The repair was to right the thread competition problem. After that, the applying began operating easily.
4. Abstract
Out-of-memory errors in Java functions are very arduous to debug, particularly whether it is taking place within the native reminiscence house of a container. Understanding the Java reminiscence mannequin will assist to root the reason for the issue to a sure extent.
- Monitor the utilization of processes utilizing instruments akin to
pmap
,ps
, andhigh
in a Linux surroundings. - Determine whether or not the reminiscence points are within the heap, JVM non-heap reminiscence areas, or within the areas exterior the JVM.

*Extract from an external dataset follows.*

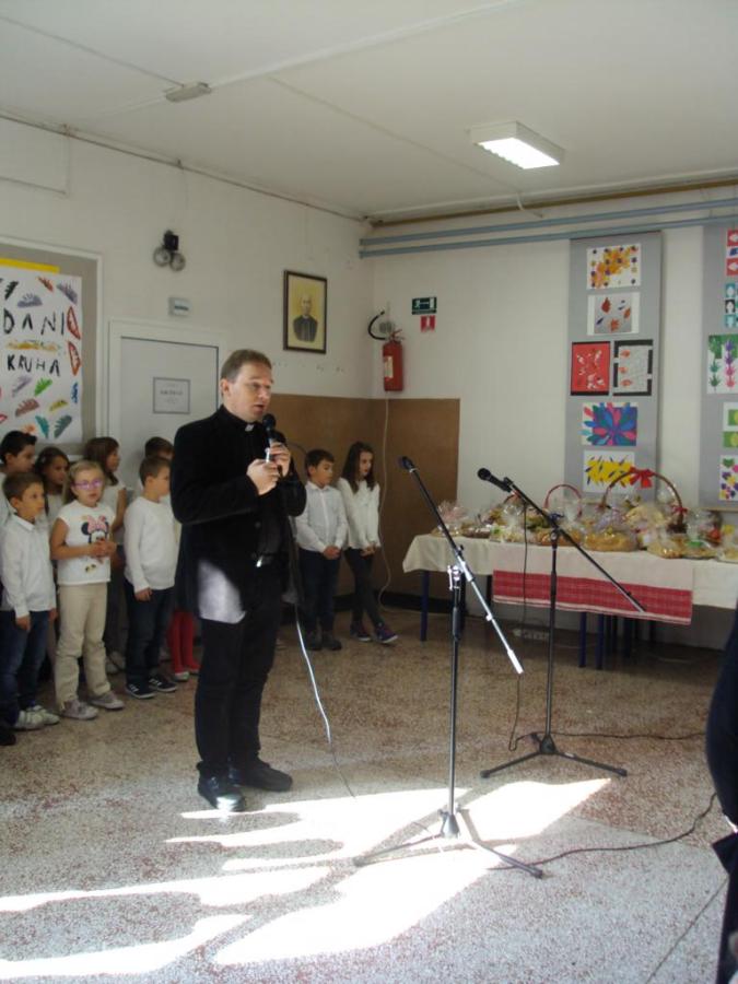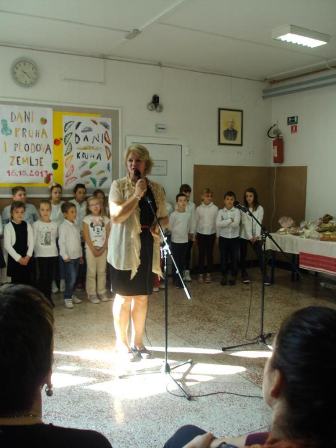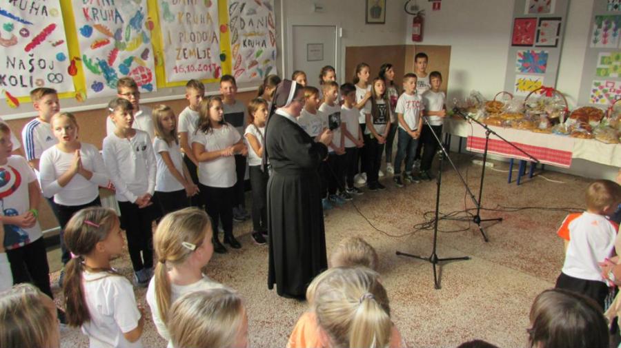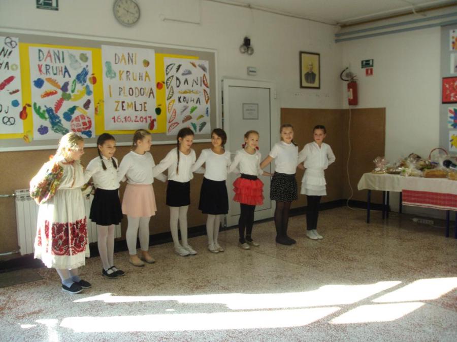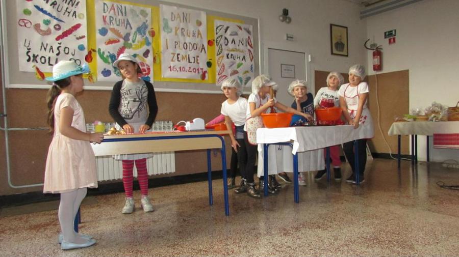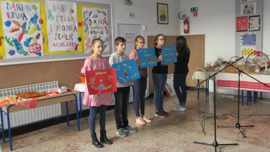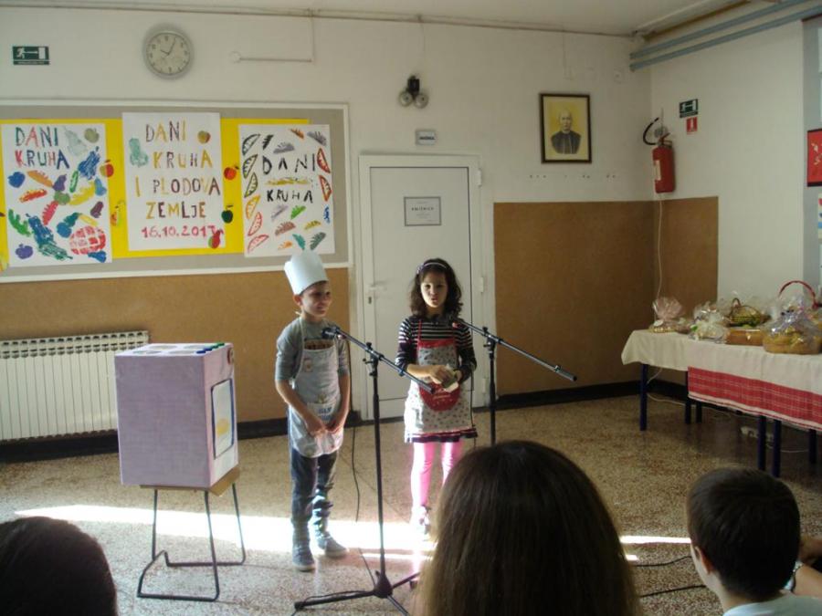 Na priredbi su nastupili učenici nižih razreda kao i polaznici školskih glazbenih i vjeronaučnih sekcija. Uz prigodne dječje recitacije na temu kruha na programu su se našle poučne i šaljive zanimljivosti o kruhu, igrokazi o životu pekara, dramatizacija poznatoga vica o perecima, recitali o nastanku i tumačenja poznatih poslovica o kruhu. Najveći naglasak stavljen je na prijeko potrebnu zahvalnost na dobroti i obilju koji nas okružuju. Glazbeni dio upotpunili su pjevački zborovi nižih razreda izvedbom duhovnih skladbi pod vodstvom svojih učiteljica, a polaznici glazbene sekcije viših razreda otpjevali su pjesmu „Cesta“ uz pratnju udaraljki. Izbor iz stvaralaštva hrvatskih pjesnika o kruhu prepušten je, također, učenicima viših razreda, polaznicima i voditeljicama recitatorskih skupina. U duhu folklorne baštine našega kraja učenice četvrtih razreda izvele su narodni ples i pjesmu „Tancala bi 'al ne mogu“. Nakon priredbe učenicima se obratila ravnateljica Mara Mamuza i istaknula važnost poštovanja kruha kao simbola života, ali i konkretnog poštovanja hrane i voća koje učenici dobivaju u našoj školi. „Naše riječi trebaju biti i naša djela“, poručila je svima ravnateljica Mamuza. Na kraju priredbe župnik Slavko Kresonja zahvalio je Bogu na svim darovima i blagoslovio izložene kruhove koje su učenici potom ponijeli u svoje učionice. Ravnateljica Mara Mamuza zahvaljuje roditeljima, posebno majkama i bakama, kao i svima ostalima koji su pridonijeli ovoj svečanosti.

- Forcing GC will assist you to determine whether or not it’s a heap problem or a local reminiscence leak.
- Use profiling instruments akin to JConsole or JVisualVM.
- Use instruments like Prometheus, Grafana, and JVM Metrics Exporter to observe reminiscence utilization.
- To determine the native reminiscence leak from inside JVM, use instruments akin to AsyncProfiler and NMT.
- To determine the native reminiscence leak exterior of JVM, use
jemalloc
. NMT additionally will assist right here.